**DATA SUPPLIED**
--------------------------------------------------
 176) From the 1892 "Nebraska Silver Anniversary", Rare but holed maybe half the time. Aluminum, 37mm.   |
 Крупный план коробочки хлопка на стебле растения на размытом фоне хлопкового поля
--------------------------------------------------
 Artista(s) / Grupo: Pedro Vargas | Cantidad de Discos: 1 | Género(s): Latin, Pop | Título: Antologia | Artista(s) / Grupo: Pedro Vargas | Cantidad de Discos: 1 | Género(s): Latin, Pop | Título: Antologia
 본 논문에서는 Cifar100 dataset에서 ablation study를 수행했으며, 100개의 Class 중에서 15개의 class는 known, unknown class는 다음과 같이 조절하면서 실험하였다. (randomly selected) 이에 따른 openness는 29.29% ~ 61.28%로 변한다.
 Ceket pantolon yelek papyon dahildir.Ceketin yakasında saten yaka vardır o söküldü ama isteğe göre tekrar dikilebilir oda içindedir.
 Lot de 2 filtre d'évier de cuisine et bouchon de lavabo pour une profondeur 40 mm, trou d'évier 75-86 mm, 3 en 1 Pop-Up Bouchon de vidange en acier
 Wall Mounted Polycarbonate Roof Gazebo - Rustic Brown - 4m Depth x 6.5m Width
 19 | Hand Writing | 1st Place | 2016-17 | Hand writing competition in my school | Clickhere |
--------------------------------------------------
**TO DO**
Among the records above, repeat exactly the line with "Lot de 2 filtre", the line with "19 | Hand Writing", and every line in between, and only those.

**ANSWER FOR THE TASK**
 Lot de 2 filtre d'évier de cuisine et bouchon de lavabo pour une profondeur 40 mm, trou d'évier 75-86 mm, 3 en 1 Pop-Up Bouchon de vidange en acier
 Wall Mounted Polycarbonate Roof Gazebo - Rustic Brown - 4m Depth x 6.5m Width
 19 | Hand Writing | 1st Place | 2016-17 | Hand writing competition in my school | Clickhere |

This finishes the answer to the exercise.